Home Apple The Power of Apple’s User Friendly Ecosystem

The Power of Apple’s User Friendly Ecosystem

by Kerry Dawson


Many talk about Apple’s ecosystem and how this either benefits them or locks them in. Apple has done an incredible job at the integration of its products between each other. Often referred to as Apple’s walled garden, it is made up of a combination of open and product specific standards that allow the various products to interact with each other.

As an example, although an Android phone can play in this ecosystem, it can only play well if the applications you use have been designed to work equally on the Apple device and Android. A lot of new software is being released for both environments making it easier but other older apps have either been ported, are in the works to be cross platform or there are no plans. The larger the variety of applications that are cross platform enhances competitiveness, choice and functionality.

Apple’s Advantage


If you use an Apple computer as an example and want say an iPad for portability and say an smartphone to make your calls you’re best to keep this in the Apple camp. The prime reason is software. Software that you buy for your computer often is available for your mobile device. A lot of software runs cross platform and as such if you run something on your computer it is likely there is a mobile app for it. A very good category of software where this is the case is that of the task manager.

You might write your tasks down on your computer but when you’re out and about that’s where often you need access to this info. Something as simple as a grocery list is a great example. You write the list on the computer but when you’re at the grocery store this is where you need to reference the list. In the Apple environment, it is likely that most software has both desktop and mobile equivalents alonging fairly seamless sync’g.

Setup is a Breeze

Even when you go to setup your mobile device, it is a breeze. It is now automatic if you want it that way. You go from one device to another simply by putting them together and a popup jumps up recognizing the foreign device. After a couple of input steps, the connection between the device and say the desktop is complete.

More Software for Open Platforms

Currently there is a lot of software for the Mac ecosystem that runs on say an Android device. The software has to be cross system compliant and although a lot currently is more is moving that way. This allows you to use an Android in an all Apple environment. However, not everything works like this and if you have worked with something for a long while you might have to work around the gap.

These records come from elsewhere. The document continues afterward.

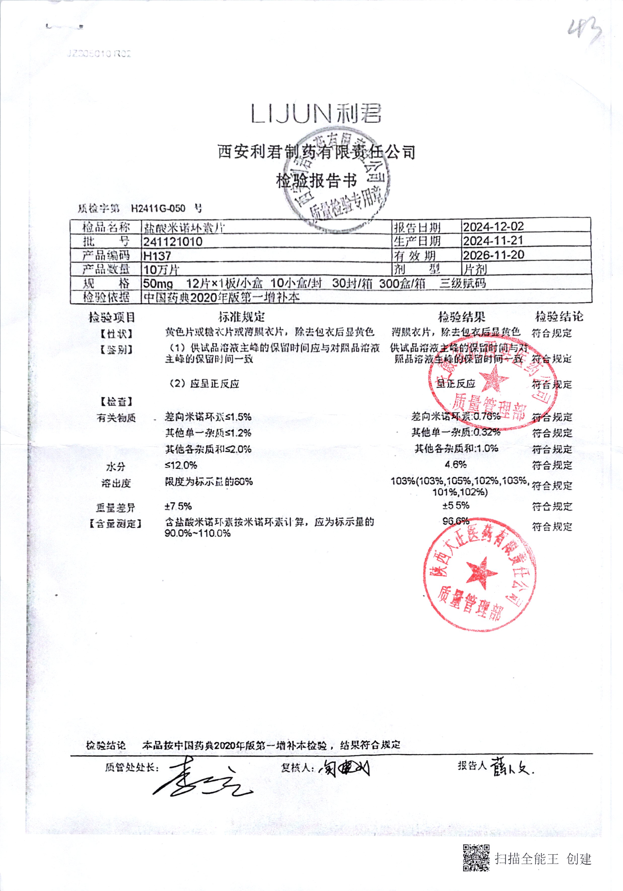 鹽酸米諾環素片 50mg*12片 241121010 查看詳情
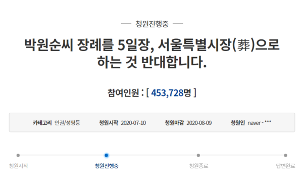 #4. 박원순 서울특별시장葬(상) 반대 청원 40만 돌파
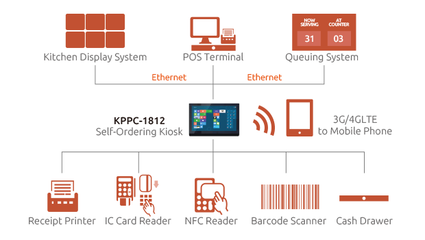 NEXCOM’s KPPC series of Panel PCs are restaurant kiosk solutions designed for self-ordering and KDS applications. NEXCOM’s KPPCs power the self-service kiosks to provide a complete digital service counter experience from start to finish, helping restaurants serve more customers, reduce wait times, reach out to a broader customer base, and therefore increase revenue.
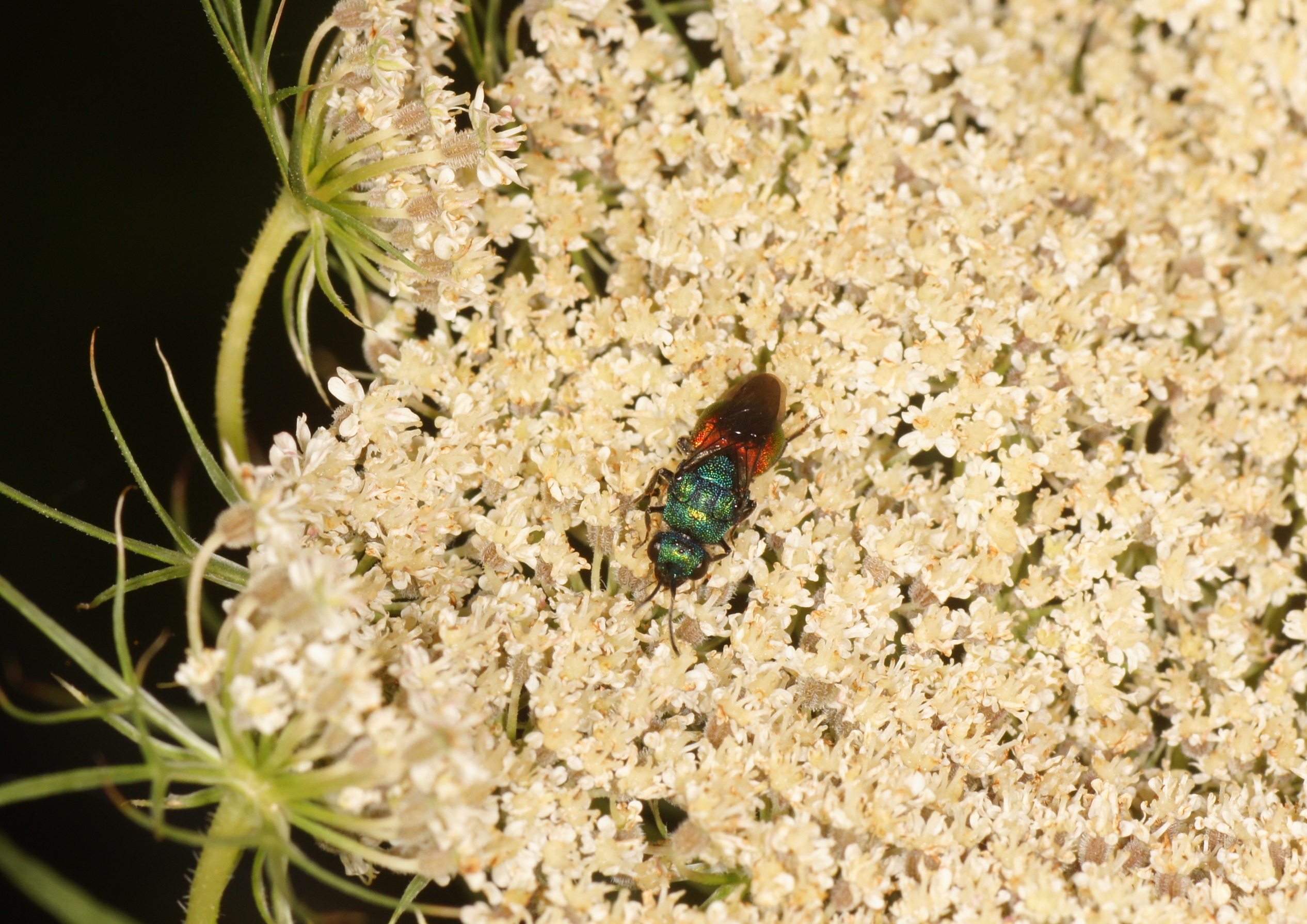 Im Hochbeet hatte ich im vorigen Jahr eine Karottenpflanze vergessen (Daucus carota). Heuer hat sie ausgetrieben und besitzt 3 Blütendolden. Welche Besucher sich da wohl einfinden?
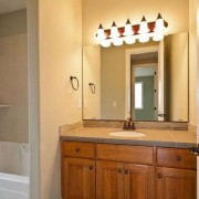 Количество источников света зависит от площади помещения и высоты его потолка. Исходя из правила номер один, гласящего о наибольшей освещенности ванной комнаты, несложно догадаться, что чем больше помещение, тем больше осветительных приборов должно использоваться.
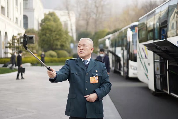 “春風又綠華夏地,祖國到處是春天。又是一年兩會時,特約記者何健忠很高興又與大家見面啦。”3月3日早上7點半,趕在代表團出發(fā)前,全國人大代表,中國郵政集團泰興市分公司城區(qū)分局局長、江平路支局支局長何健忠拿出自拍桿,連續(xù)第三年拍攝起了“上會vlog”,希望給家鄉(xiāng)人民帶來全國兩會的“第一視角”消息。
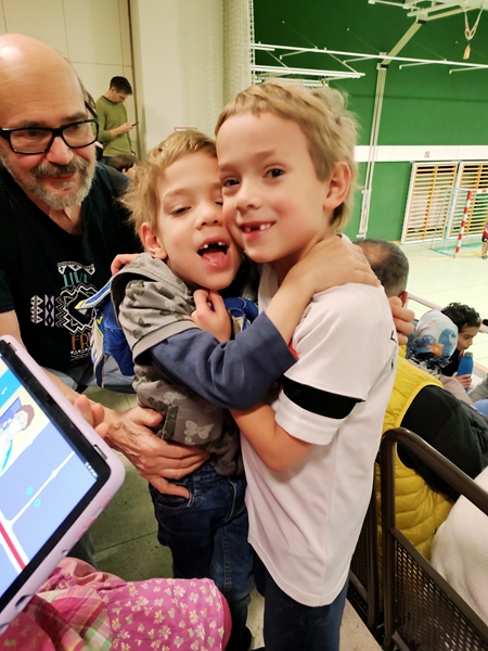 Just before 1:30 pm I was done teaching, and I quickly got everything ready for us to leave. Tammy, Emmy and I left at 1:30 pm and took the subway then the bus then walked to the school where Emmy's end-of-semester soccer match was taking place. He had to be there at 2:15 pm, and we got there just before that. Many other kids were arriving as well, and the kids that had played in the morning were just leaving. We made our way through hallway after hallway, following the signs until we finally got to the locker rooms. Emmy got changed, then we went to the gym where the trainers were. One trainer took Emmy to the trainer in whose team it was. There were 10 teams according to the locations where the kids had done their training this semester. In Emmy's teams, there were four locations combined together, I guess those with few kids that had registered for the match. All kids were first and second graders. We left Emmy there and went upstairs to the rafters to find ourselves some seats. We also reserved seats for Randy and Sammy. In the end, all the seats were full. I had brought Tammy's tablet with us as we were going to be there for 6 hours which was a long time. Tammy started watching fairy tales on her tablet. The matches were only starting at 3 pm so we still had time until then. We were sitting right by the guy with the computer and the microphone. He was commenting everything and putting the scores into the computer. We were able to keep up with the scores and statistics on a website. Emmy's team was in the last pairing to finally get to play so it took a while. Each match was 9 minutes long but then Emmy didn't even get to play the whole time as they had too many players so that some had to stay on the bench for half the game which was the case for Emmy for four out of the five games they played. When he was not playing, I was on my phone as I'm actually not interested in soccer at all. I talked to Randy a few times who wasn't too excited about coming especially because of all the stairs at the school which is difficult with the wheelchair but then he decided he'd come for Emmy's sake. Emmy was just playing his second match when they arrived after 4:30 pm. Sammy was excited to see us and be with us. He was also on his tablet but when Emmy was playing, he was cheering for him, just like Tammy. Emmy was coming up to see us between games a couple of times. We bought popcorn, and Emmy wanted gatorade. Emmy had a good team so that they won 3 out of the four games and were in first place in their group of five teams. Once al the teams had played four times and there was a ranking, the first team of each group, the second etc. then played another match (this time 8 minutes) to decide whether they were first/second, third/fourth etc. in the overall ranking. The last teams started so that Emmy played the very last match of the day. The other team was very strong and won 2:0. Therefore Emmy's team was second overall which was a great achievement. Emmy had the ball a few times but didn't get to score a goal.
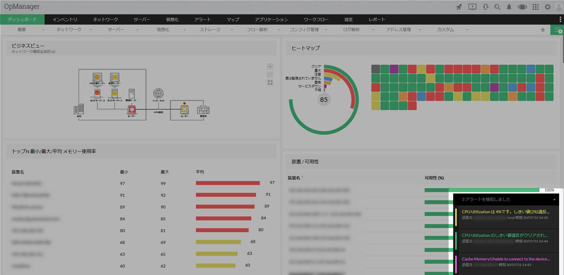 異常検知・障害検知のツールを使用してシステムを構成する重要な要素を監視することで、管理者は、エンドユーザーから通報を受ける前に自動的に問題の発生を把握し、影響が大きくなる前にいち早く対処することが大切です。
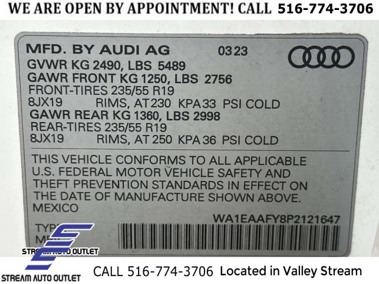 For more information on this 2023 Audi Q5, please call Stream Auto Outlet Valley Stream at (516) 774-3706 or with the contact form on this page. This vehicle's vin number is WA1EAAFY8P2121647 and is recorded as being in stock at Stream Auto Outlet Valley Stream at 324 W Merrick Rd in Valley Stream. See all cars from this dealership.
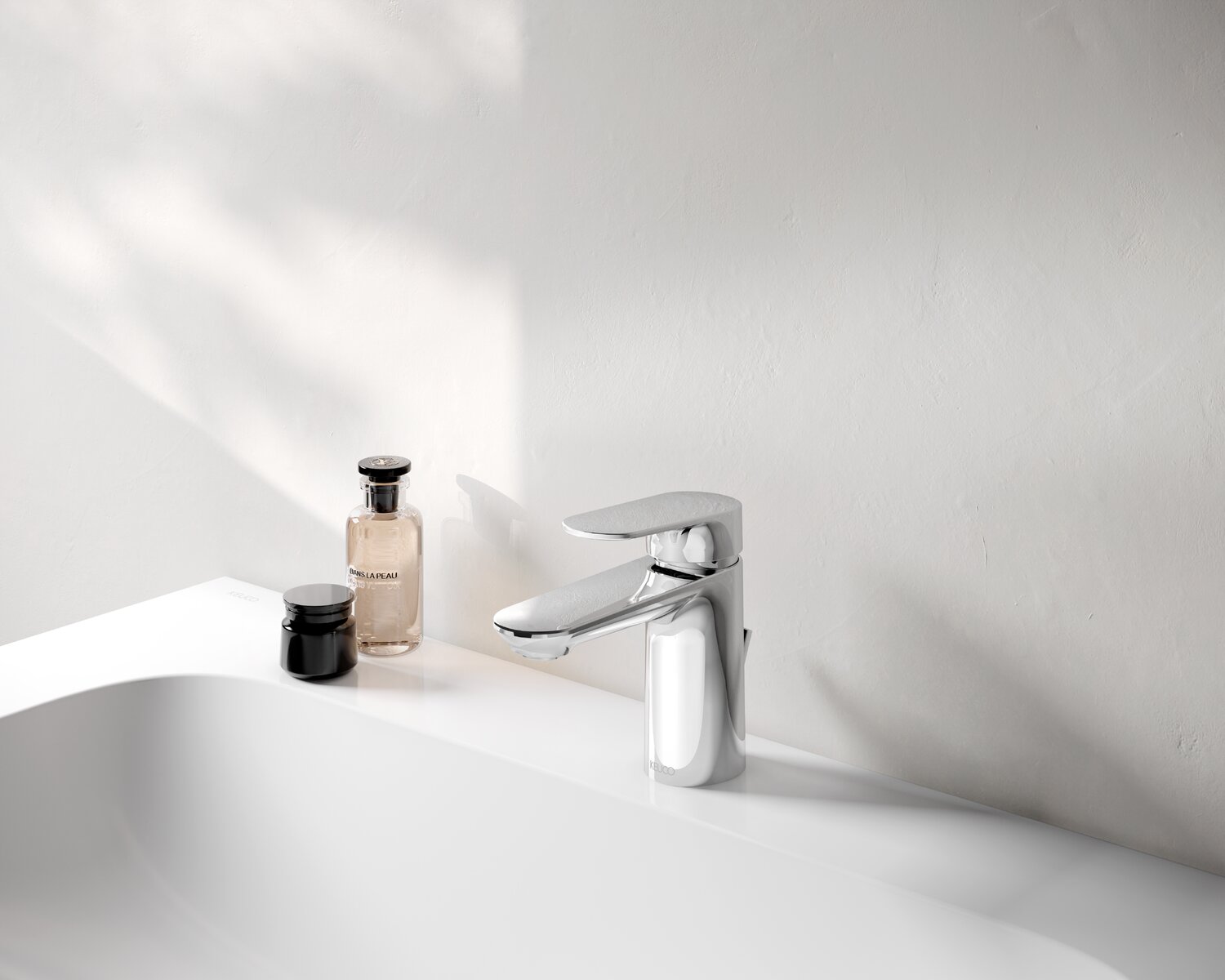 Die Keuco Ixmo 100 ELEMENTS-Edition Waschtischarmatur ist sowohl mit als auch ohne Zugstangen-Ablaufgarnitur erhältlich. Smarte Funktionalität wie der verstellbare Strahlwinkel oder das Schnell-Montage-System komplettieren das hochwertige Konzept.
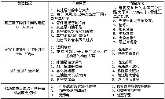 (二) 啟動(dòng)濾油機(jī) (三)、注意事項(xiàng) 1、真空泵的工作溫度不得超過(guò)75度。 2、所有電機(jī)在無(wú)異常噪音的工作情況下電機(jī)溫度也不能大于60度使用。 3、注意觀察精濾器上的壓力表,如果表壓超過(guò)0、4Mpa時(shí),必須停機(jī)清洗更換濾芯、方可投入運(yùn)行。 4、如果發(fā)現(xiàn)進(jìn)油量過(guò)小,須檢查粗濾器,如果濾網(wǎng)堵塞可用煤油清洗后繼續(xù)使用。 。ㄋ模⑼C(jī)注意事項(xiàng) 必須先停加熱系統(tǒng),再停真空泵,打開(kāi)放氣閥,再停排油泵,關(guān)掉進(jìn)出口油閥,切斷總電源及所有開(kāi)關(guān),運(yùn)行周期長(zhǎng)了,可打開(kāi)冷卻器排水閥放水,看是否有水,有水必須排凈,同時(shí)真空缸、粗濾器、精濾器的排污閥門(mén),應(yīng)定期排污,排污后隨時(shí)關(guān)閉閥門(mén)。
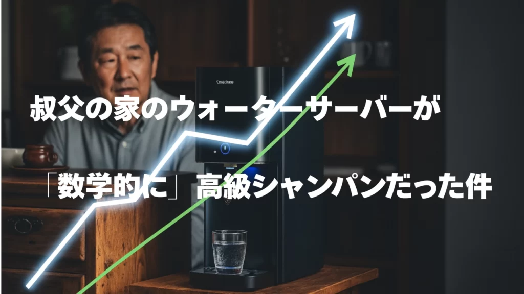 ウォーターサーバーは本当に0円?初期費用0円の仕組みを数学で分解 正月、実家の隣に住む60歳の叔父の家へ新年の挨拶に行った時のことだ。長年使い込まれた古めかしい茶箪笥(ちゃだんす)の横で、そいつは異彩を放っていた。シュッとしたフォルムに、青く... -
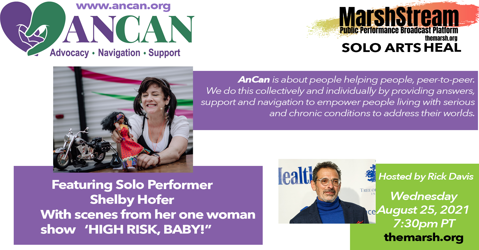 Gail Schickele (Host) champions arts & sciences taking her left and right brain wherever she travels. As an arts manager, consultant, and producer dba SAGE Artists, she convened an ‘Arts Heals’ group of solo artists at APAP 2020 whose unique stories of physical and mental challenges evince the healing power of The Arts. The COVID lockdown inspired Stephanie Weisman to create SOLO ARTS HEAL to share these outstanding stories of resilience, dramatic and comedic, for the entertainment and benefit of communities everywhere. Gail’s expertise in marketing, management, booking and production has served various theaters, festivals and events nationwide. Trained as a journalist in New York and Colorado, Gail has covered Colorado state politics and the environmental landscape of the Rockies. Environmental science inspires her educational and advocacy work in California with Al Gore’s Climate Reality Project, and for the League of Women Voters for which she’s worked as an administrator and reporter on environmental issues Including legislation, climate science outreach, and co-chair of an environmental speakers series. Gail is honored to host SOLO ARTS HEAL where artists powerful stories offer audiences great performance and ‘informance’ on issues related to health and the environment, inexorably linked.
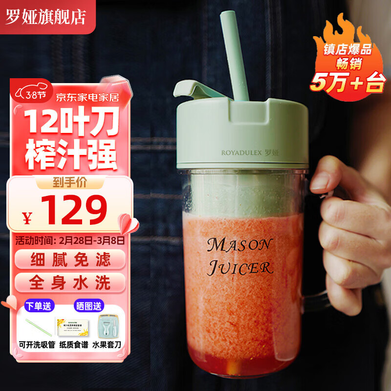 罗娅 16叶刀头榨汁机便携式榨汁杯小型多功能果汁杯果汁机水果机电动随行杯秒碎冰多功能搅拌杯梅森杯 12刀清新绿340ml含吸管【晒图领食谱+水果刀】价格:129.00元!
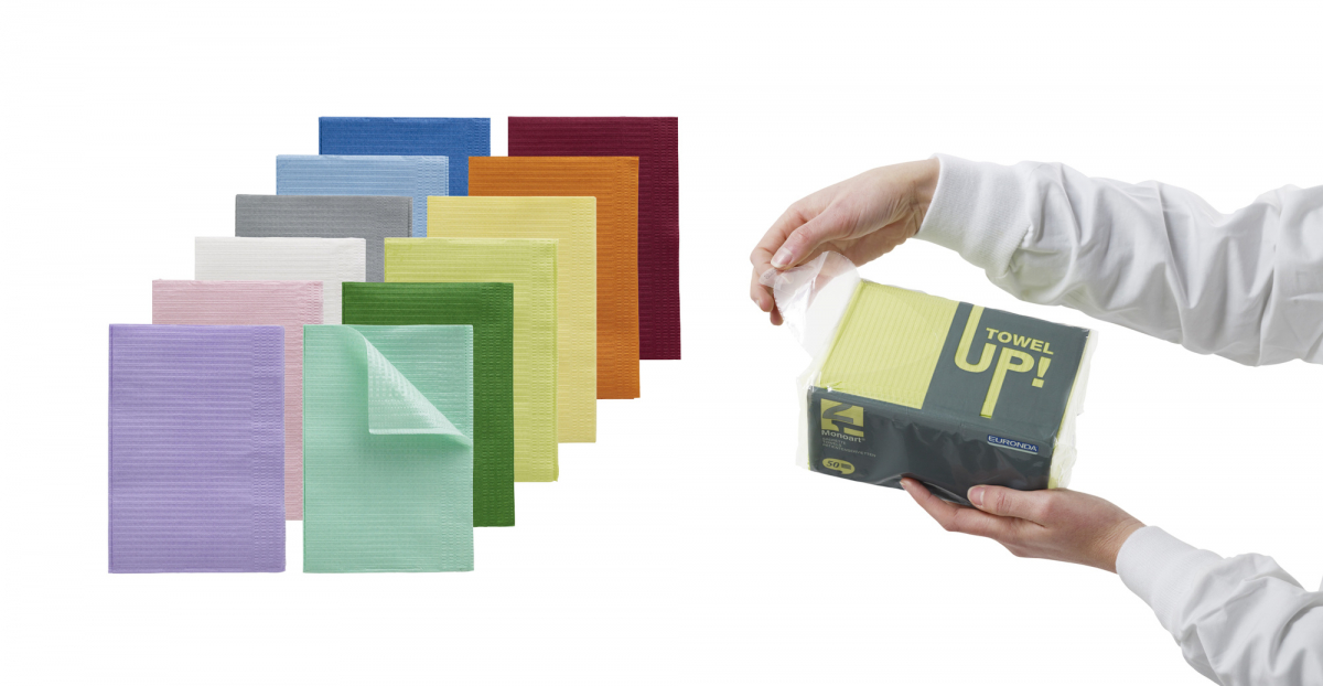 Le salviette monouso Monoart® Towel Up! sono realizzate in pura ovatta di cellulosa altamente assorbente accoppiata e goffrata con film di polietilene impermeabile. Grazie all'innovativo packa-ging con sistema Apri/Chiudi, le salviette vengono manipolate una alla volta e rimangono al riparo da polvere e contaminazioni per un'igiene massima e una grande praticità d'utilizzo.

There is a lot of software that does work in both environments and are compliant however lets say you use:

  • Omnifocus
  • Things
  • DEVONthink
  • Keep It

The above are all very robust pieces of software and can work well in the Apple world. You can find equivalents but if you’re used to working with these, then you are loosing productivity in a new learning curve.

There are many examples but say you use the program “Outline” on your Mac. Although it is compatible with Microsoft’s OneNote and thus would work on an Android system if you wanted to use “Outline” on your mobile devices this isn’t possible.

If the software is a port to Android you’re fine. However, you will find there is a lot of looking around to figure out what works, where you have to look for a workaround and on it goes.

Apple’s Walled Garden has Proven very Effective

Apple in the early days when it competed against Microsoft learned the value of apps on its platform. This has been extended though to not only having a lot of apps and the most interesting array to having seamless integration between the platforms. For the user not as inclined to the search so to speak, the use of all Apple equipment, though potentially more expensive, is also a productivity saver. Apple keeps doing well and this is reflected in its current stock values and it is just such approaches as this that ensures their continued success.